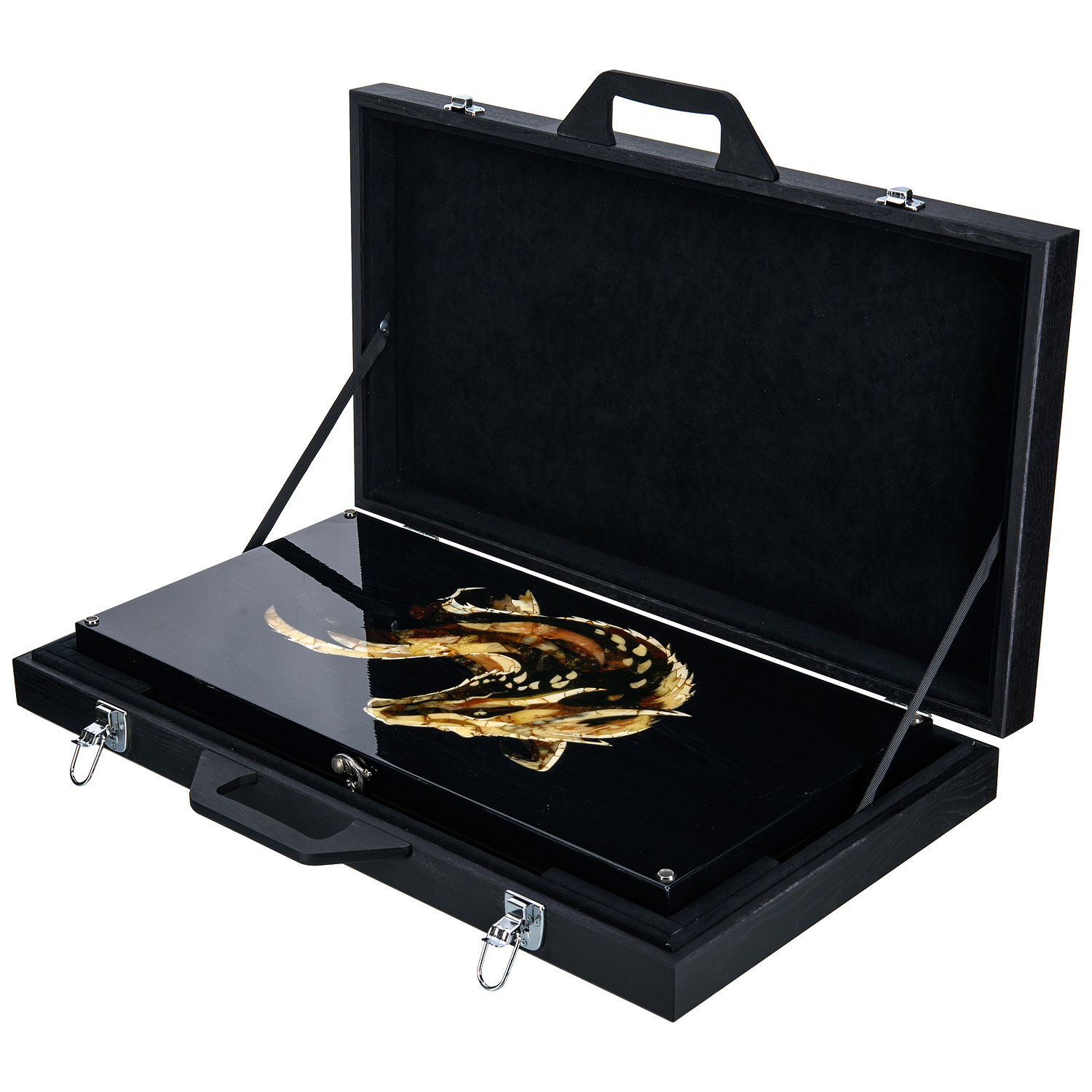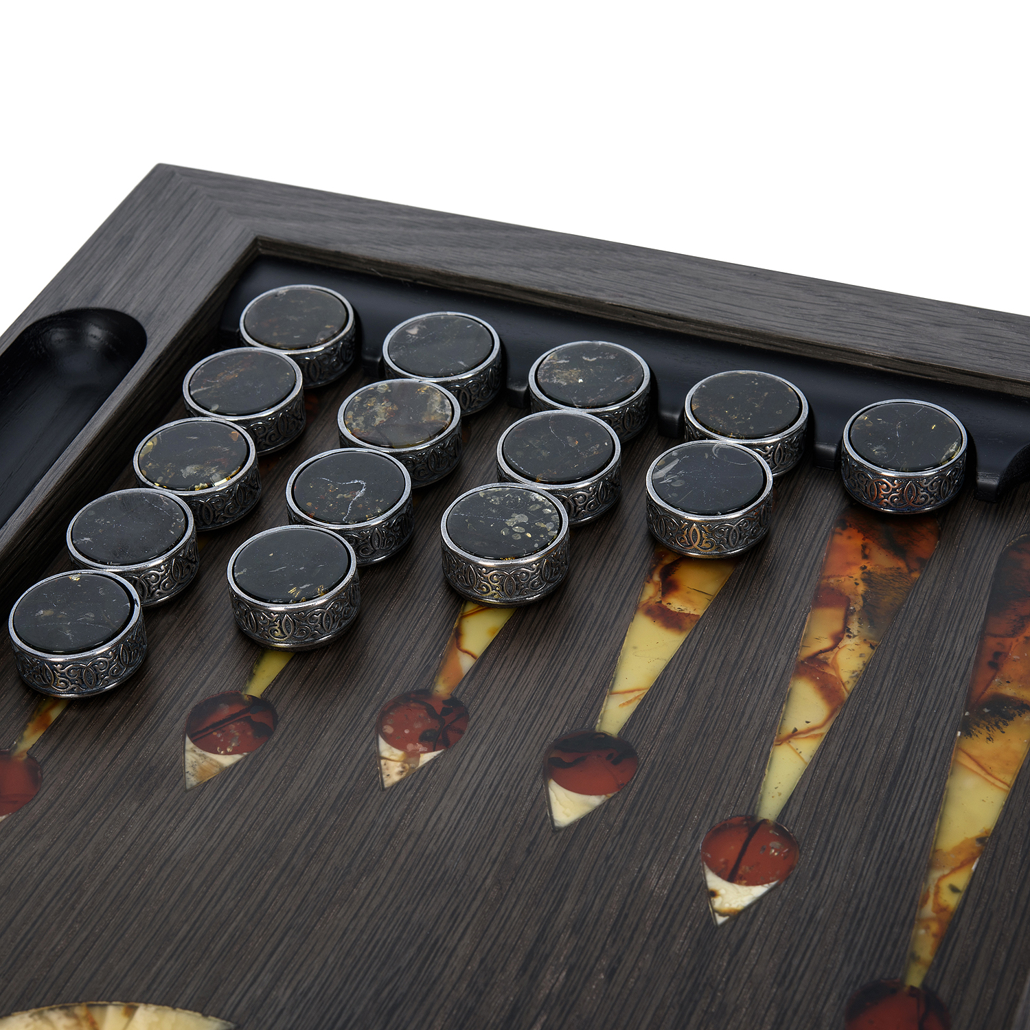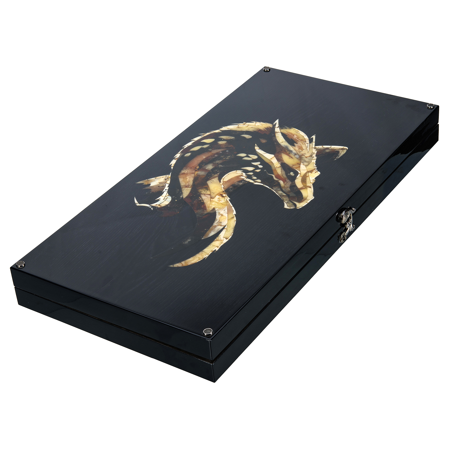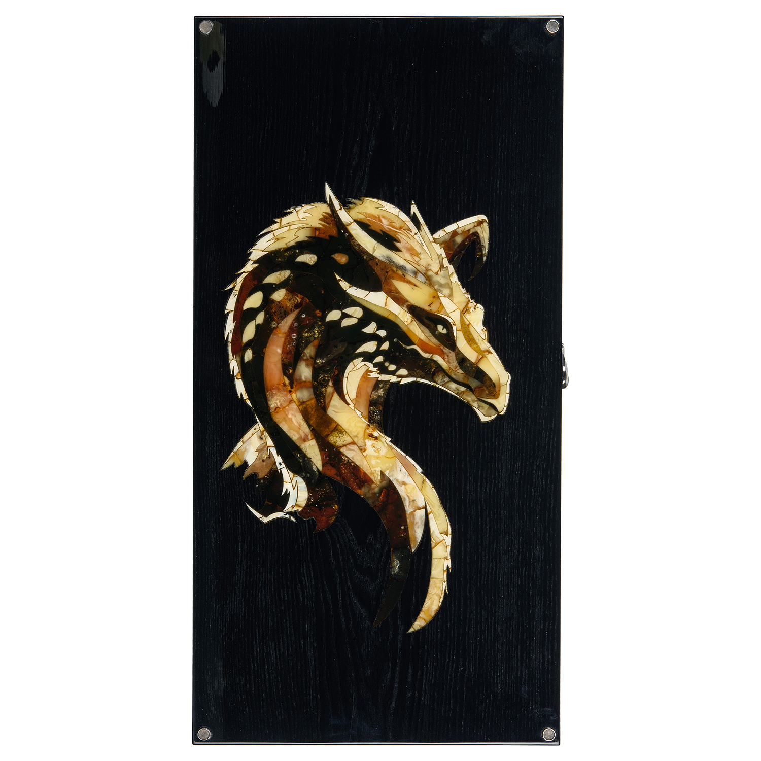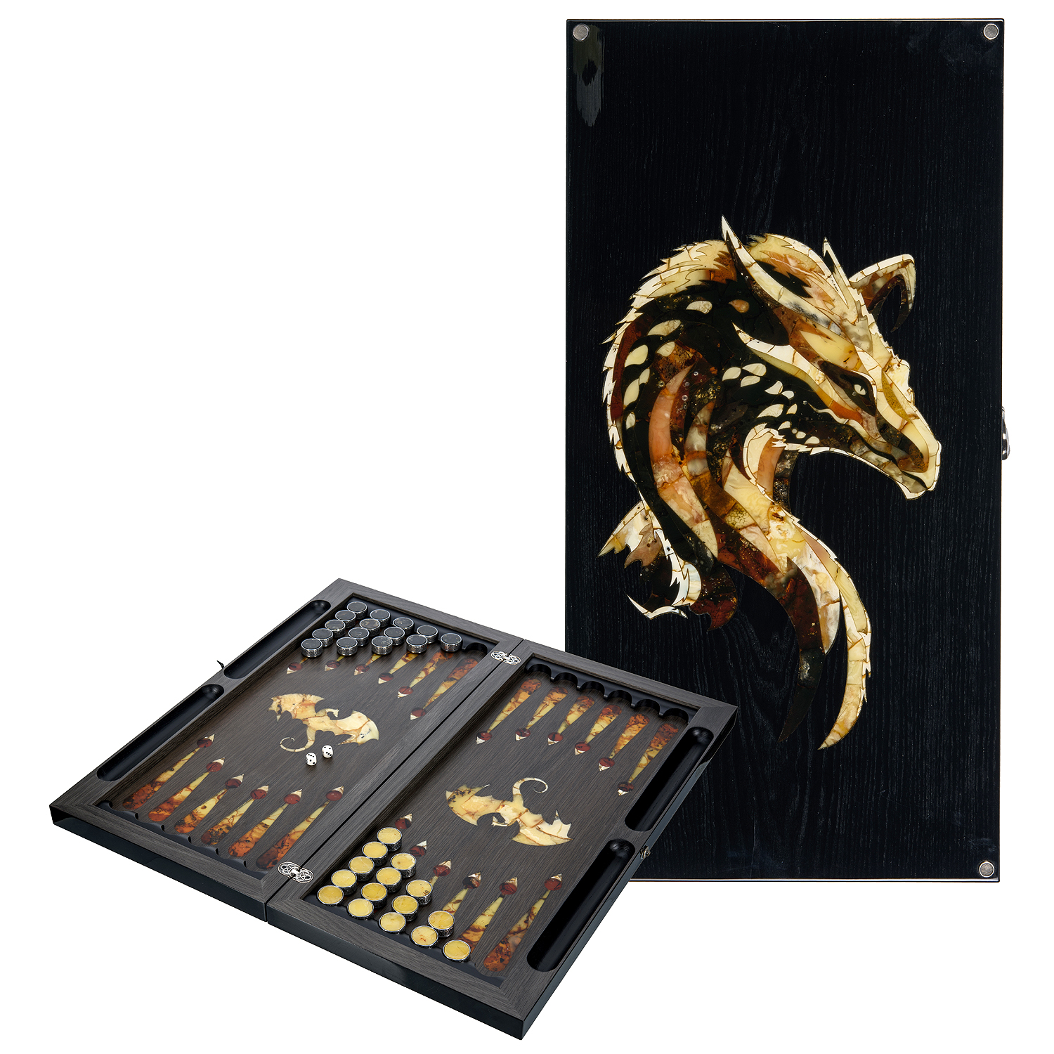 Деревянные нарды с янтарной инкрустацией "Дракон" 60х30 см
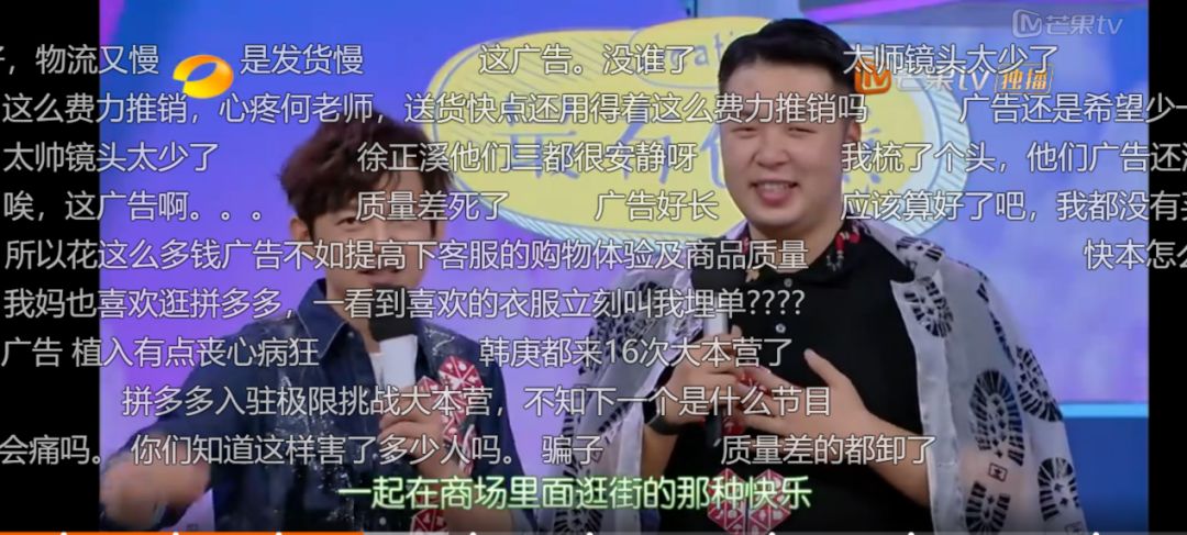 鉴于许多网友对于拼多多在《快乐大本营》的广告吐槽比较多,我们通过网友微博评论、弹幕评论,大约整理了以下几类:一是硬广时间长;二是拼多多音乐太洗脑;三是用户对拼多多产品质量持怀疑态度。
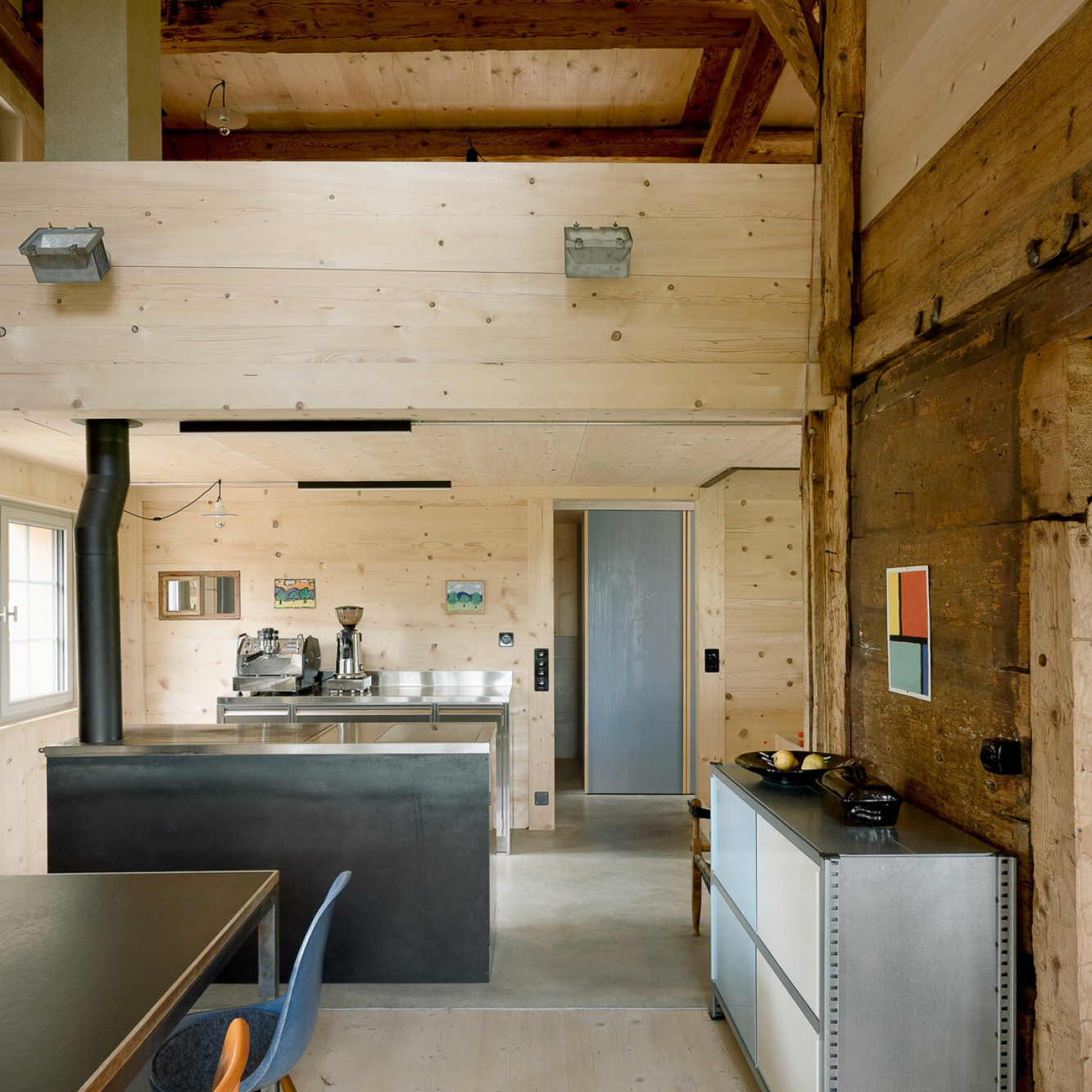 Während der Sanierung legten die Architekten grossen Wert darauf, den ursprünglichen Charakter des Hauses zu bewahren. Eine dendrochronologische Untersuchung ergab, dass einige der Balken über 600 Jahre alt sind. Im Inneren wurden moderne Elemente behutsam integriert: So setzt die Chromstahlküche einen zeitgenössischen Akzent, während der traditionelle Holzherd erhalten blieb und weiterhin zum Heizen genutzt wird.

──────────

▶ **WHAT YOU WILL DO**
Repeat the listing word for word. Leave images out.

▶ **RESPONSE TO THIS EXERCISE**
 Деревянные нарды с янтарной инкрустацией "Дракон" 60х30 см
 鉴于许多网友对于拼多多在《快乐大本营》的广告吐槽比较多,我们通过网友微博评论、弹幕评论,大约整理了以下几类:一是硬广时间长;二是拼多多音乐太洗脑;三是用户对拼多多产品质量持怀疑态度。
 Während der Sanierung legten die Architekten grossen Wert darauf, den ursprünglichen Charakter des Hauses zu bewahren. Eine dendrochronologische Untersuchung ergab, dass einige der Balken über 600 Jahre alt sind. Im Inneren wurden moderne Elemente behutsam integriert: So setzt die Chromstahlküche einen zeitgenössischen Akzent, während der traditionelle Holzherd erhalten blieb und weiterhin zum Heizen genutzt wird.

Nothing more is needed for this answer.